Strecker made an appointment with Autumn’s regular doctor, and that day, Sept. 15, 2010, became a turning point in their lives.

“I remember I was always very hungry,” Autumn said. “That day we went in for an appointment to check my weight and as soon as they saw me, they checked my blood sugar.”

Autumn’s blood sugar registered at a highly dangerous level — 526, and nurses rushed her into an intensive care unit immediately.

“It all happened so fast. We were so scared,” her mother said. “The nurses told me she could have died with her blood sugar at that level. We just didn’t know.”

After spending several days in ICU and then a week or so in the hospital, Strecker came home to rest, recover, and begin a whole new way of life.

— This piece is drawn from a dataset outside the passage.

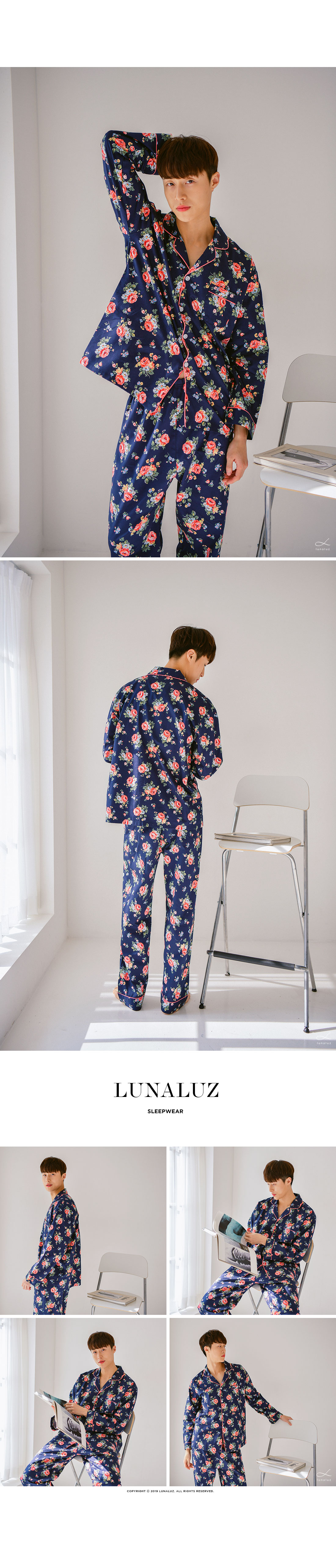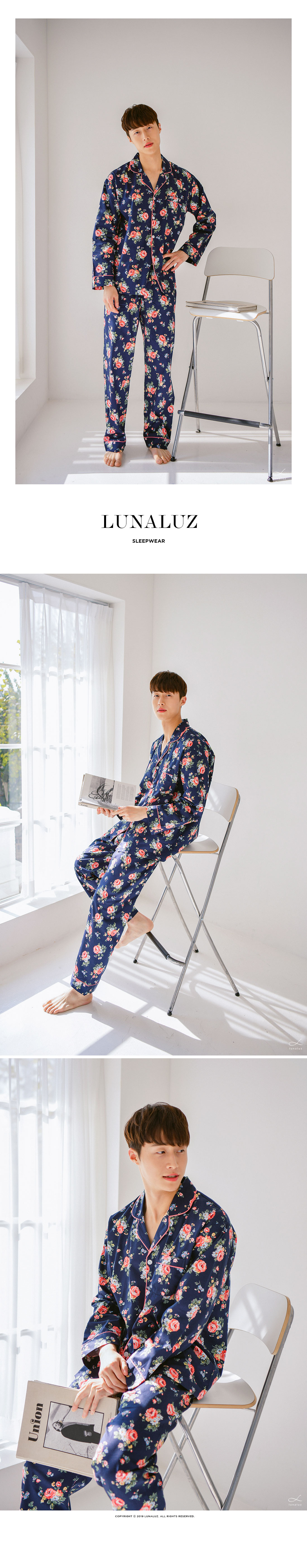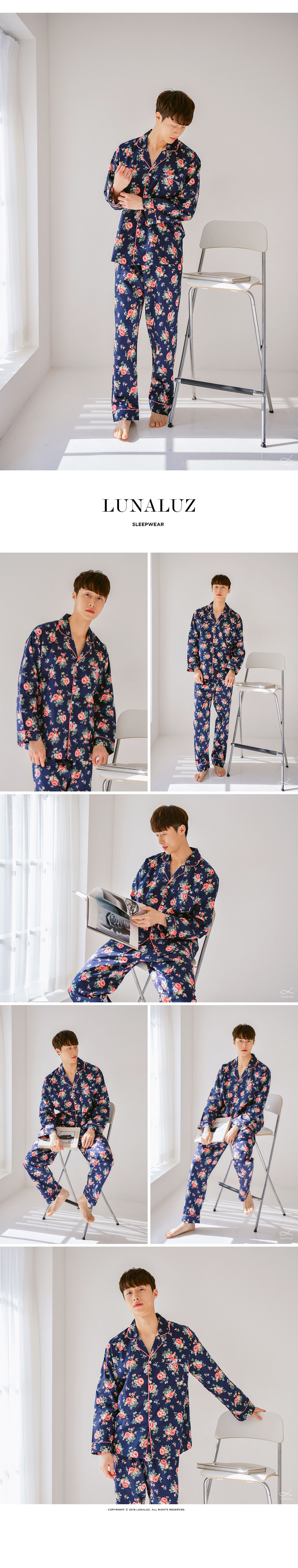 깔끔하고 단정한 네이비 컬러를 베이스로 플라워 모티브를 큼직하게 넣어 화사하게 포인트를 주었습니다. 탄탄하고 매끈하면서 윤기가 있는 40수 트윌면으로 착용감 뿐만 아니라 퀄리티가 좋답니다. 면이라 피부에 닿는 느낌이 매끈하고 부드러워 숙면을 취하기 좋습니다. DETAIL 깔끔한 포켓 카라 파자마 스타일의 잠옷입니다. 오묘한 핑크 컬러의 파이핑으로 포인트를 주어 감각적이고 세련된 분위기를 연출할 수 있습니다. ]네츄럴한 핏으로 편안하게 착용할 수 있습니다. 깔끔한 색감, 고급스러운 플라워 모티브, 매력적인 디자인이 참 잘 어우러진 잠옷으로 소장가치가 높습니다. 100%국내 제작으로 소재, 디자인, 봉제의 퀄리티가 높습니다. SIZE남성 잠옷은 100size 기준으로 제작한 free사이즈입니다.

“I have to check my blood sugar levels at least five times a day,” Autumn said. “I have this little device that I push a button on and it pokes my finger. Sometimes it hurts.”

Autumn squeezes a drop of her blood onto a glucometer strip and it gives her a digital reading.

“I should be around 70 to 150,” she said. “I can always tell before I check how it is going to turn out. If my blood sugar levels are too high, I get really bad headaches and start yelling at people for no reason.”

She said that low blood sugar levels made her feel very shaky and sweaty. Often she also feels very hungry if her levels are too low.

“If my blood sugar checks too high, I have to drink lots of water,” she said. “If it is above 350 for too long, I have to go home and get some extra help.”

Autumn said that if her blood sugar levels were too low at school, she could change it by eating a cracker. If it went very low, she needed to snack on something sweet.

When she was first diagnosed with diabetic keto acidosis, Strecker missed several weeks of school. In order to go back to classes, she was required to be monitored by a licensed health official on the premises.

“We are so thankful that Mr. (Harold) Davis stepped up to help,” Jeri Strecker said. “He took some additional training and now serves as Autumn’s medical supervisor at school when she needs to take insulin or check her blood sugar levels.

Davis is also a special education teacher at USD 411.

Autumn, now a seventh-grader nearing the end of a fairly normal year, administers her own insulin with a pen-like contraption.

“I take Novolog during the day if I need something fast-acting,” she said. “At nighttime I take Lantus, which is a slow-acting insulin.”

Jeri Strecker said that if Autumn did not take additional insulin her body would try to remove the sugar it needed from her organs, creating a very dangerous situation for her.

“It’s been a tough couple of years for her,” she said. “But I am so proud of Autumn. Even though she missed 10 days of school just this last semester because of illness, she still pulled a 4.0 grade point average. She is doing very well with all of this.”

Autumn said she will likely have to live with diabetes for the rest of her life unless a cure is developed.

“I just have to be careful when and what I eat and make sure I check my blood sugar levels,” she said. “Other than that, I can pretty much do the activities I want.”

Autumn said she did not know of any other family members with the disease. Her mother said there were no indications why it struck her daughter, she is just glad they found health officials who knew how to save her daughter’s life and help them deal with the situation.